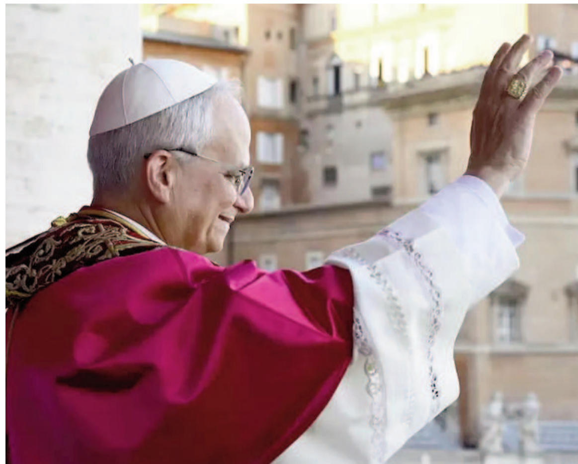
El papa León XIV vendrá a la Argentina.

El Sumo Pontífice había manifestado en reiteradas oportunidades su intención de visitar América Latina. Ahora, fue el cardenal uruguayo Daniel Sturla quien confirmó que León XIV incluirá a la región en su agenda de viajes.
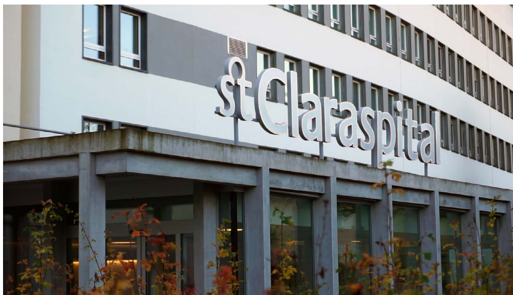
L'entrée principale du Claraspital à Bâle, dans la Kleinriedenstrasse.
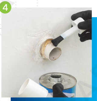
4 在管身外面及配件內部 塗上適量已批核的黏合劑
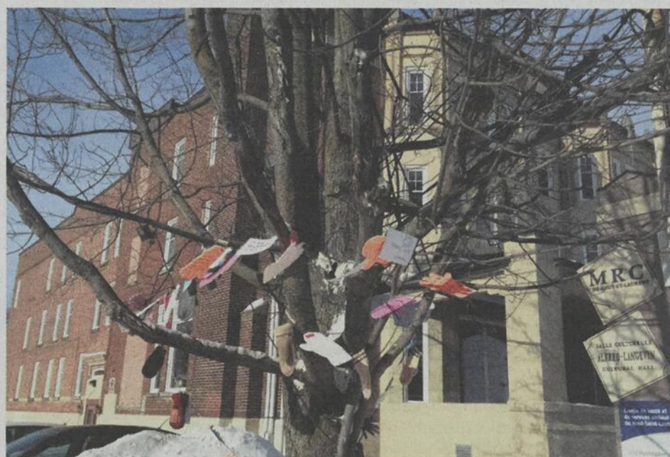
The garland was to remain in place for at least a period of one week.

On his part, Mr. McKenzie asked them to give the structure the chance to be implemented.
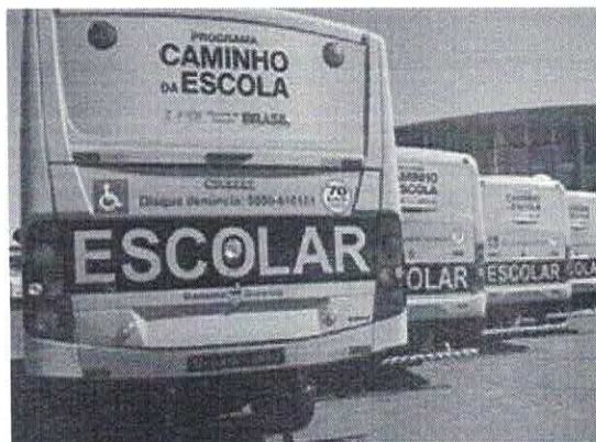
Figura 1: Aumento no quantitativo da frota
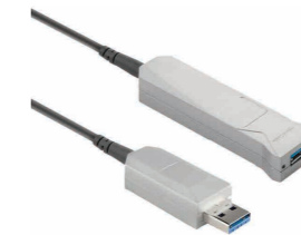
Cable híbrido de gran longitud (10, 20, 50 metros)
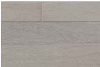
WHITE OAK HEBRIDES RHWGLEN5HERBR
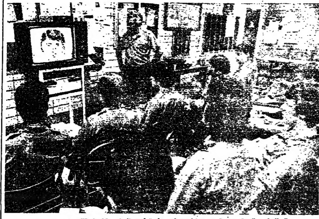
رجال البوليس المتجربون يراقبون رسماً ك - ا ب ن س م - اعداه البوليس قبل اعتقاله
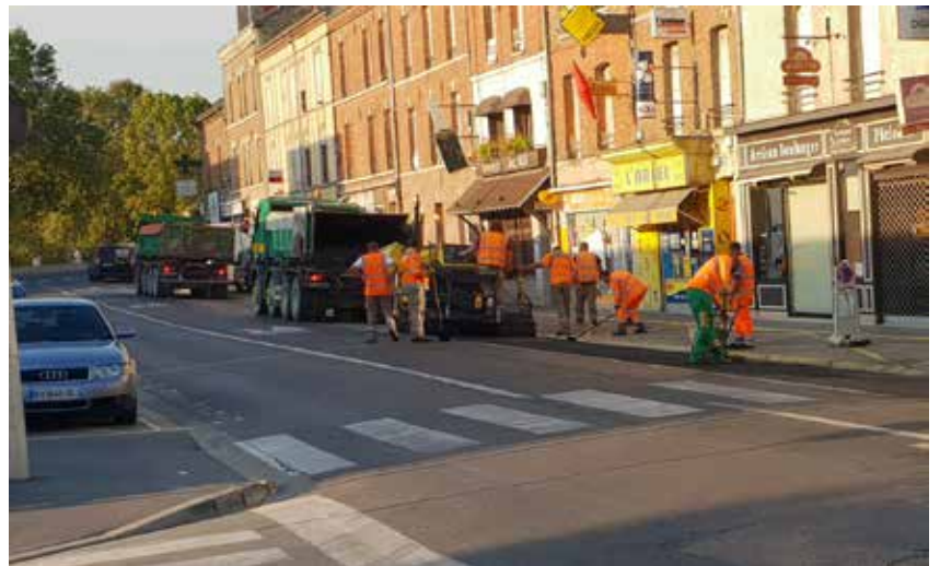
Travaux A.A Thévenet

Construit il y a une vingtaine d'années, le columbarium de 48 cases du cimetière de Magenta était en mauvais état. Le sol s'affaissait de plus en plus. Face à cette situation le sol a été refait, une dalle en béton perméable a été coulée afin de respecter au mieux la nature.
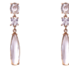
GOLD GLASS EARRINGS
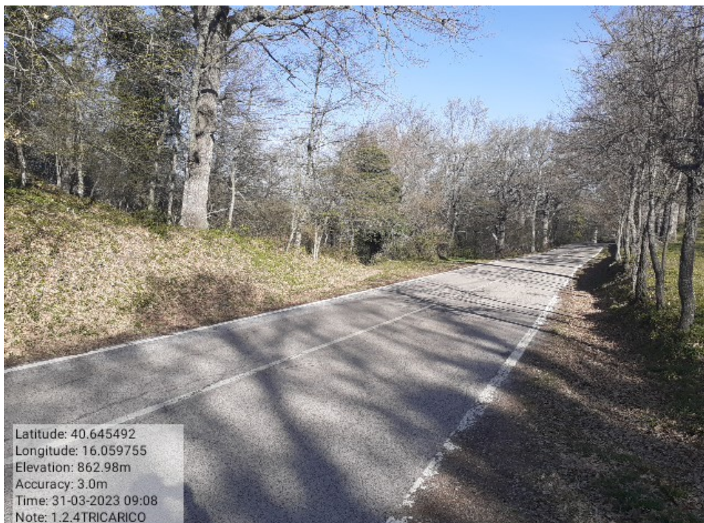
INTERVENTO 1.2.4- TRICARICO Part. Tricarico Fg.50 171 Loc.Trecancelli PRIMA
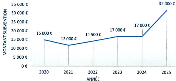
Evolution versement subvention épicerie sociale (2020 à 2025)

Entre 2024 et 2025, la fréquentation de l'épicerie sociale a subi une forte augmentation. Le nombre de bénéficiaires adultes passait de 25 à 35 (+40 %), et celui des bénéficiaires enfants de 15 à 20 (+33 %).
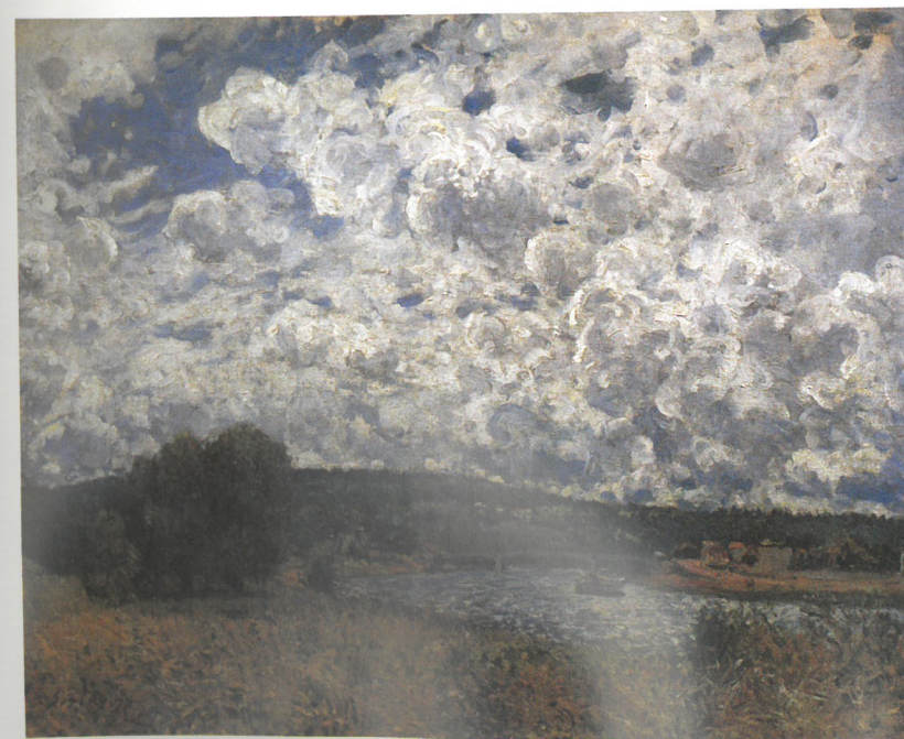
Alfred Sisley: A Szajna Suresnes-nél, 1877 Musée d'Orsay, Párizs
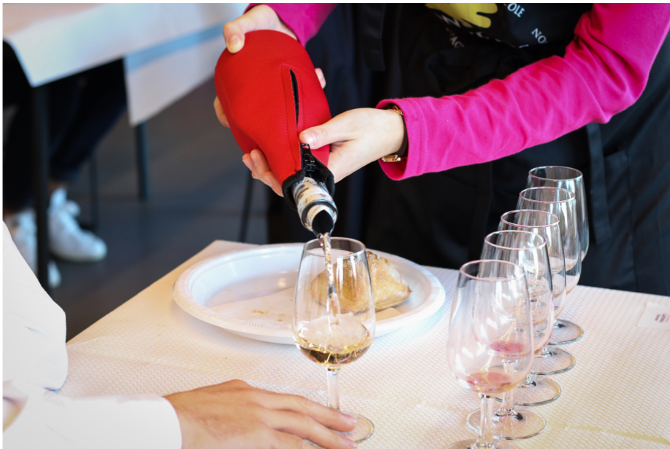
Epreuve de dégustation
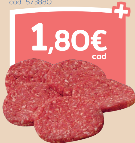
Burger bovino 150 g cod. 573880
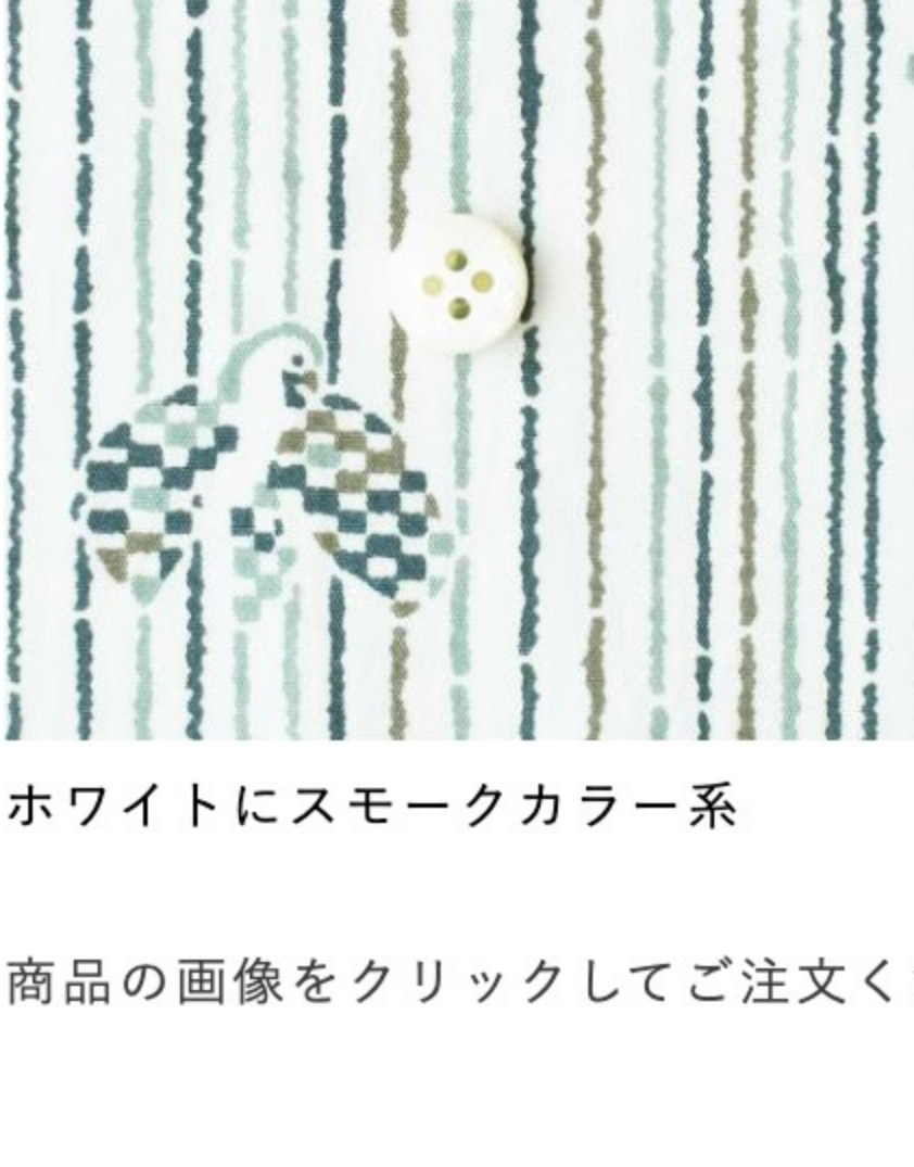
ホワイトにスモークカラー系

- **Aim of the exercise**
Would you transcribe each of the entries exactly, skipping the pictures?

- **Solution for this exercise**
El papa León XIV vendrá a la Argentina.

El Sumo Pontífice había manifestado en reiteradas oportunidades su intención de visitar América Latina. Ahora, fue el cardenal uruguayo Daniel Sturla quien confirmó que León XIV incluirá a la región en su agenda de viajes.
L'entrée principale du Claraspital à Bâle, dans la Kleinriedenstrasse.
4 在管身外面及配件內部 塗上適量已批核的黏合劑
The garland was to remain in place for at least a period of one week.

On his part, Mr. McKenzie asked them to give the structure the chance to be implemented.
Figura 1: Aumento no quantitativo da frota
Cable híbrido de gran longitud (10, 20, 50 metros)
WHITE OAK HEBRIDES RHWGLEN5HERBR
رجال البوليس المتجربون يراقبون رسماً ك - ا ب ن س م - اعداه البوليس قبل اعتقاله
Travaux A.A Thévenet

Construit il y a une vingtaine d'années, le columbarium de 48 cases du cimetière de Magenta était en mauvais état. Le sol s'affaissait de plus en plus. Face à cette situation le sol a été refait, une dalle en béton perméable a été coulée afin de respecter au mieux la nature.
GOLD GLASS EARRINGS
INTERVENTO 1.2.4- TRICARICO Part. Tricarico Fg.50 171 Loc.Trecancelli PRIMA
Evolution versement subvention épicerie sociale (2020 à 2025)

Entre 2024 et 2025, la fréquentation de l'épicerie sociale a subi une forte augmentation. Le nombre de bénéficiaires adultes passait de 25 à 35 (+40 %), et celui des bénéficiaires enfants de 15 à 20 (+33 %).
Alfred Sisley: A Szajna Suresnes-nél, 1877 Musée d'Orsay, Párizs
Epreuve de dégustation
Burger bovino 150 g cod. 573880
ホワイトにスモークカラー系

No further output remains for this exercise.